The terrace was big enough to house a beautiful garden, which was surrounded by large trees like coconut, bay leaf, betel nut, jackfruit, lychee, guava and jamrul. Under the shadow of the trees, my dada (grandfather) used to sit on a chair to spend time before lunch. Dadi sometimes kept him company, but on most days, she was always busy with something or the other, like cutting vegetables or cleaning rice.   

I hardly remember having lunch or dinner without guests, which would mean both my maternal and paternal relatives. The mood in the house was always festive, especially if it was Thursday. All our aunts and cousins would stay the night at our house. Amma sometimes had to send my choto kaka and his gang to the rooftop as the house was full.  

In that house, there was never any way to get some studying done, which was a great relief for me as I was the classic "fakibaaj". My mother would make calls to all the relatives to ensure nobody visited after I got my exam routine. But that surprisingly never stopped anyone from coming to our house anyway.

Every activity in that house was a public affair. Afternoon tea would be served on the terrace where all the family members would gather and sit on shitolpati (mat) and engage in raucous adda.
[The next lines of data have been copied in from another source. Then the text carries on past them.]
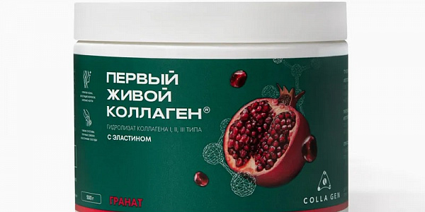 Уникальный, легкоусваиваемый, пищевой bio-комплекс COLLA GEN ГРАНАТ доставляет жизненно важные микроэлементы в клетки и тем самым запускает процессы восстановления и оздоровления организма. Имеет улучшенную формулу коллагена с эластином для гибких суставов, эластичных связок, густых волос, упругой кожи, крепких ногтей.Запатентованный производственный процесс, а также качество и свойства продукта подтверждены клиническими испытаниями, международными сертификатами ISO и HACCP. Без добавления сахара, ГМО, красителей, глютена. 100% натуральный сок вишни в составе. Подходит всем членам семьи – детям, подросткам, взрослым, пожилым. Абсолютно безопасен для особых категорий людей – аллергиков, беременных и кормящих. ЖИВОЙ КОЛЛАГЕН – это выбор более 200 российских звезд, авторитетных врачей и спортсменов! Относится к животному типу происхождения.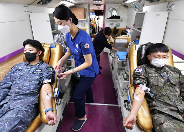 ▲부산 남구에위치한 해군작전사령부 장병들이24~26일까지 3일산 부대에서 사랑의헌혈을 했다. 해군작전사 제공 |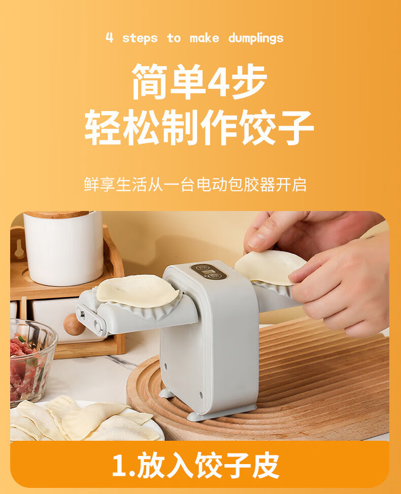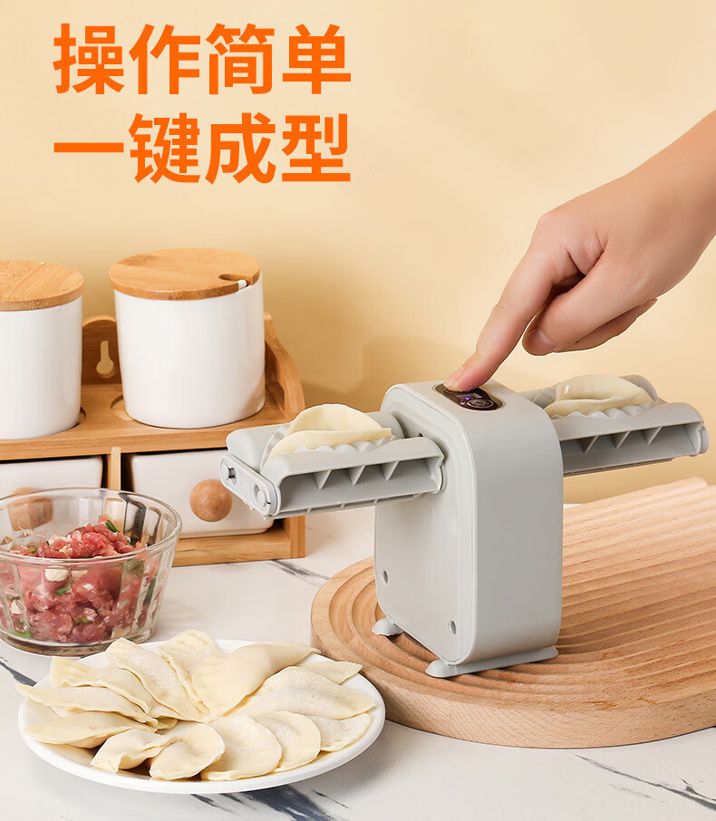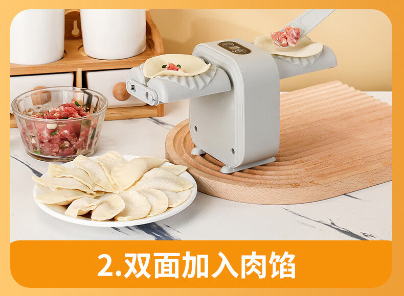 Qinhuo's new dumpling-making artifact, fully automatic household dumpling wrapper machine, lazy man's wireless electric dumpling-making machine, double-head gray, Chinese version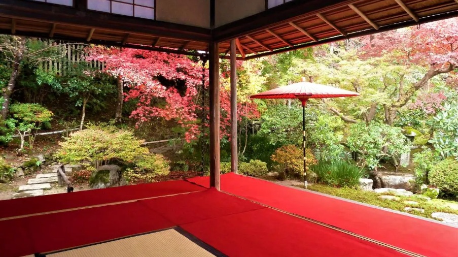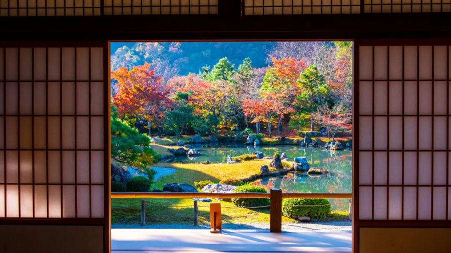 在这里可以欣赏到优雅静谧的日本庭园与层林尽染的山峦相映成趣的风景,以及极具禅意的枯山水庭园与色彩缤纷的秋叶和谐相融的画面等充满日本风情的枫红美景。

These were times when we had no generators or IPS, not even a charger. We used candles and hariken during power cuts, or as we Bangladeshis call it, loadshedding. As soon as the electricity went off, we would close our books and move to the terrace.  We particularly loved power cuts after 10 pm because that was when baba would sit with us and recite his favourite poems. The one I most vividly remember now is "Kobor" by Palli Kabi Jashimuddin.  With tears in his eyes, he would recite the seminal poem. A mysterious feeling would grip us when we saw him like this.

Till the age of three, I slept in the same room as my parents. But once, two of my sisters got married, my younger sibling and I finally got the chance to shift to one of the biggest rooms of the house.
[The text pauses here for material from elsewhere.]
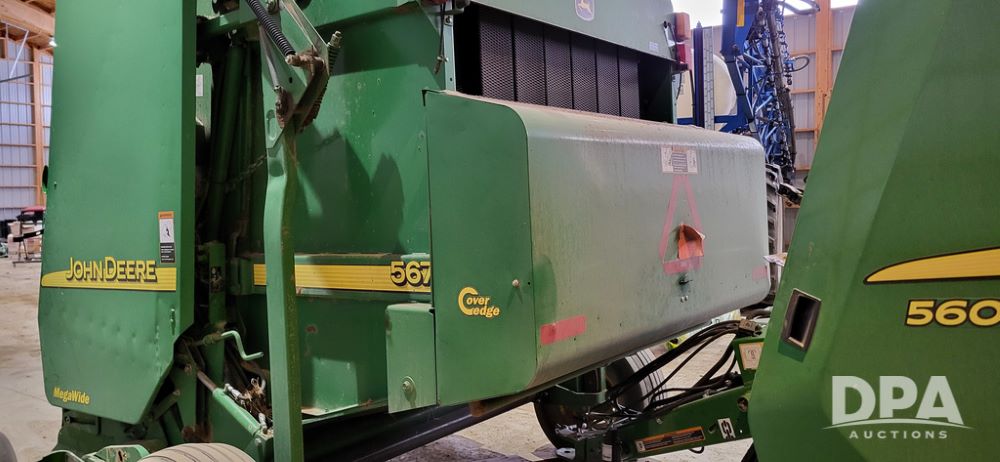 2008 John Deere 567 MegaWide Round Baler (JM753), one owner, 5ft. x 6ft. bale size (62in. X 72in.), small 1000 PTO, pin hitch, 8-belt system bale chamber, monitor included, dual gauge wheels, shows 32,830 original bales, tires- ST225/75R15.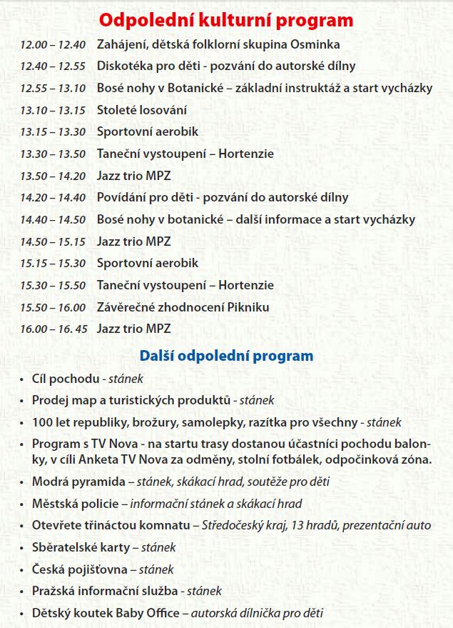 Můžete se s Klubem také vydat na jednu z připravených pěších tras. Starty budou od 8 – 11 hod. Z naší dlouholeté spolupráce s Klubem českých turistů víme, že se jedná o velice příjemnou akci, kterou můžeme doporučit. Vezměte děti, přátele příbuzné a užjite si krásný den.

I occupied the "best" side of the room and set up my table in front of a window from where I could see the backyard of the neighbouring house, with its multitude of trees. I still cannot forget the Eucalyptus, which emanated a minty clean fragrance every time it rained.

After I married and moved in with my in-laws, who lived near by, I used to go over to our house frequently. And every time I entered my room, I got nostalgic as pictures of my childhood rushed into my mind.

Then finally, a few years back Baba called a meeting to discuss a very important issue: the reconstruction of the house. One by one, each of us tried to discourage Baba, saying he was too old to take the hassle of constructing a new house.

But was I really worried about his age? No, I said what I said because I did not want to lose my childhood home.

I never felt like going to our house anymore once Amma started packing to move to a rented house nearby. I did not go. It hurt too much.

After they shifted, my niece and nephew fell sick often. Their health deteriorated more and more. My four-year-old niece used to tell my mother, "Dadumoni chlolo amra amader ager bashay jai. Ei bashata ektu o bhalo na." My sister used to say that she was upset every evening.

After four years, the newly constructed house is now ready to move into. Everyone is relieved. I am too. For them. I can feel the joy of getting a new home.

I went to visit the new house for the first time recently. It is well-designed, with a beautiful terrace as well. But as soon as I stepped inside, I felt that it no longer belongs to me.

I got frustrated and left. I didn't say a word, but could feel an empty space in my heart. I felt like I had lost my home.

But maybe it is time for my niece and nephew and the younger generation of my family to spend their beautiful childhood and make a new home and new memories in their hearts.

Farhana Ahmed is Deputy Web Editor, The Daily Star.